RECORDED DATA >>
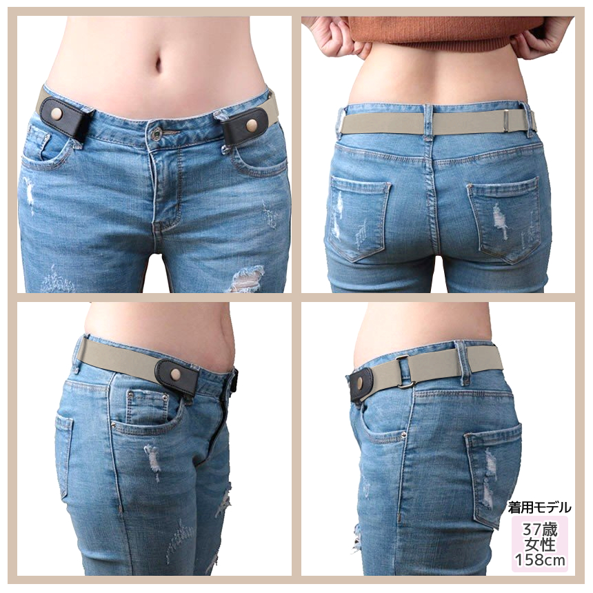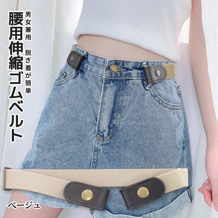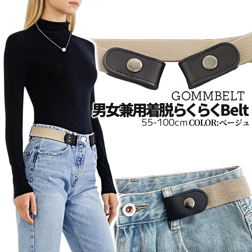 ベルトループ(ベルト通し)にゴムベルトの両端をパチンととめるだけ、
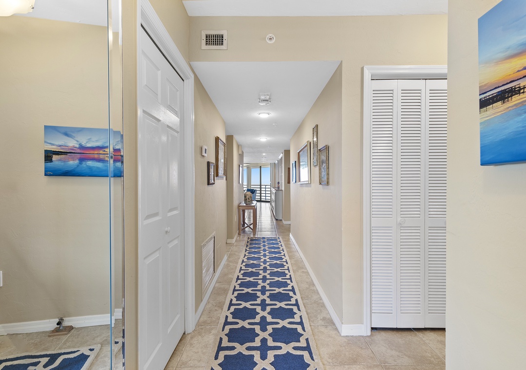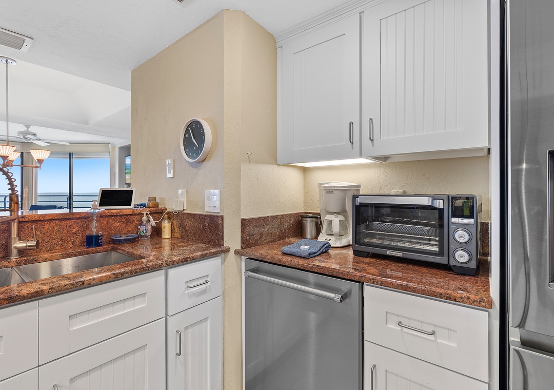 This spacious 2-bedroom, 2-bath condo offers breathtaking ocean views, providing the ultimate coastal getaway. From the moment you arrive, you'll be captivated by the soothing sound of waves and the sight of pristine sandy shores right outside your window. The primary bedroom is a serene haven featuring a plush king-size bed, an attached private bathroom, and calming decor designed for rest and relaxation. The inviting guest bedroom also boasts a king-size bed, ensuring premium comfort for your family or friends. Both rooms offer the perfect combination of tranquility and modern elegance. Prepare meals with ease in the fully stocked kitchen, which is equipped with modern appliances, cookware, and all the essentials needed to make dining a breeze. While the kitchen does not include a standard oven, it features a conventional microwave and a toaster oven, perfect for preparing a variety of meals. The open living area is a cozy space where you can unwind, enjoy conversation, or simply relax after a day spent exploring the beach. Step out onto your private balcony and take in the stunning ocean views. Whether you're sipping your morning coffee or watching the sunset, this vantage point is a constant reminder of the beauty of beachfront living. With direct beach access, you’re never far from the ocean’s edge. Nearby amenities, such as a pool (if applicable) and local attractions, offer plenty of opportunities for adventure and leisure. Whether you’re here for a romantic escape or a family getaway, this condo is the perfect home base for creating unforgettable memories. Book your stay now and discover the magic of beachfront living!
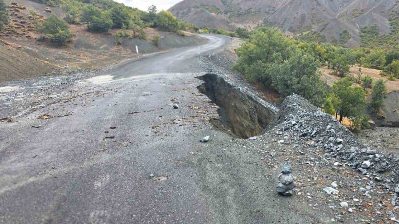 Elazığ’da yağışlarla birlikte Gökdere-Köklüce köy yolunda çökme ve kaya düşmesi meydana geldi.
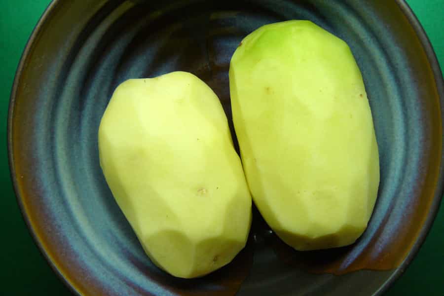 Pelo las papas, rallo una y la otra la corto en trozos pequeños y la reservo.
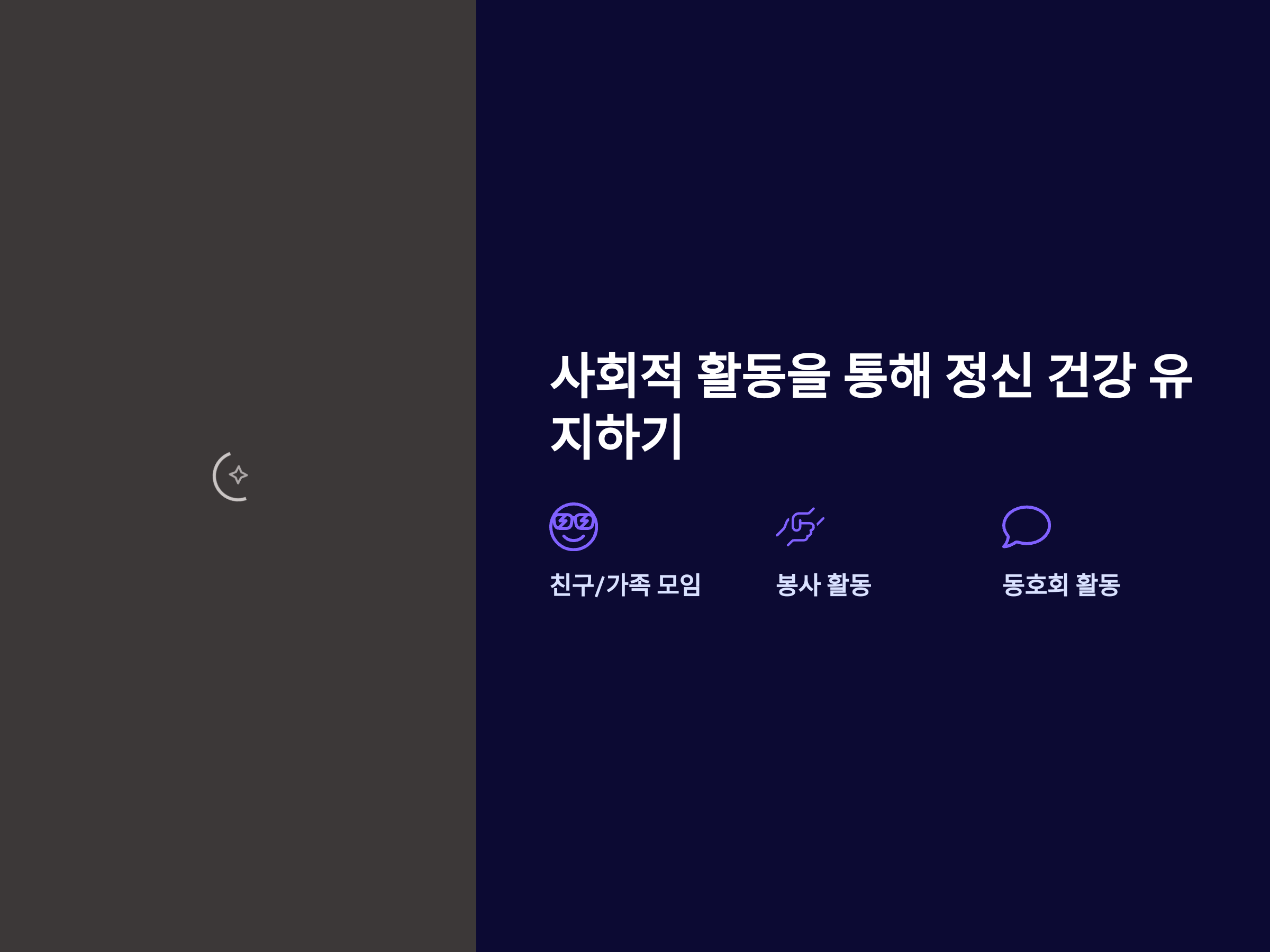 사회적 교류는 외로움을 예방하고, 스트레스를 줄이며, 전반적인 정신 건강을 개선하는 데 큰 도움이 됩니다.
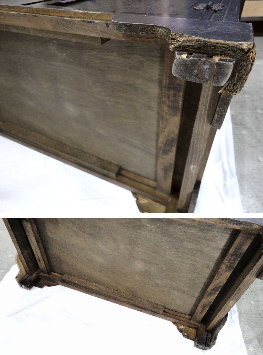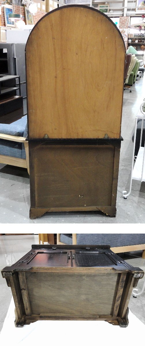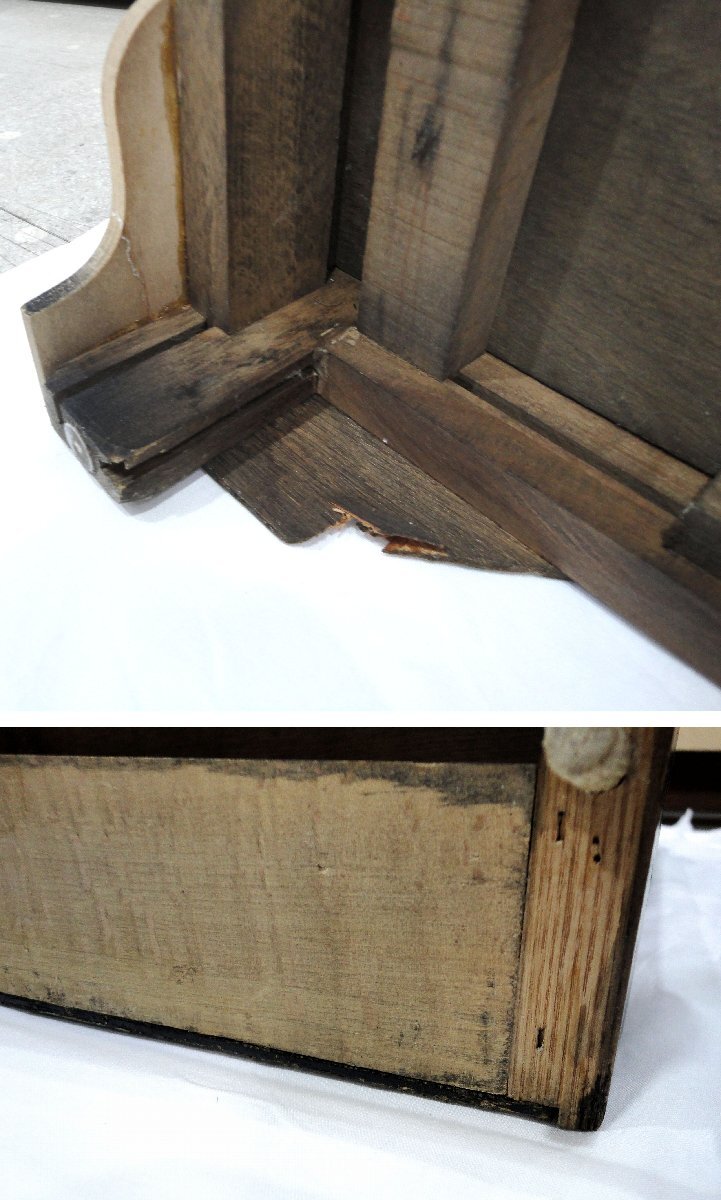 | コメント | ●オランダのアンティーク品として個人様より買取いたしましたが、申し訳ありませんが、アンティーク調に製作された家具かなど判りません。 ●ビンテージ品の印象で、ヒビ、浮き、擦れ、経年変化等見られます。扉付き下部の背面は穴があけられています。 ●脚周りはひび割れの接着補修なども見られます。 ●撮影時に照明が当たって白く映っている箇所がありますがご了承ください。 ※ご入札前に「注意事項」を必ずご確認下さい。 ※商品の色が実際の色とは多少異なってみえる場合がございますが、ご了承下さい。 ※画像に上手く写らなかった微細な傷や汚れなどはご容赦お願いいたします。 |

WORK REQUEST >> Locate the line containing "Elazığ’da yağışlarla birlikte" in the material above, then repeat it and every later line exactly, with no pictures.

RESPONSE FOR THIS EXERCISE >>
 Elazığ’da yağışlarla birlikte Gökdere-Köklüce köy yolunda çökme ve kaya düşmesi meydana geldi.
 Pelo las papas, rallo una y la otra la corto en trozos pequeños y la reservo.
 사회적 교류는 외로움을 예방하고, 스트레스를 줄이며, 전반적인 정신 건강을 개선하는 데 큰 도움이 됩니다.
 | コメント | ●オランダのアンティーク品として個人様より買取いたしましたが、申し訳ありませんが、アンティーク調に製作された家具かなど判りません。 ●ビンテージ品の印象で、ヒビ、浮き、擦れ、経年変化等見られます。扉付き下部の背面は穴があけられています。 ●脚周りはひび割れの接着補修なども見られます。 ●撮影時に照明が当たって白く映っている箇所がありますがご了承ください。 ※ご入札前に「注意事項」を必ずご確認下さい。 ※商品の色が実際の色とは多少異なってみえる場合がございますが、ご了承下さい。 ※画像に上手く写らなかった微細な傷や汚れなどはご容赦お願いいたします。 |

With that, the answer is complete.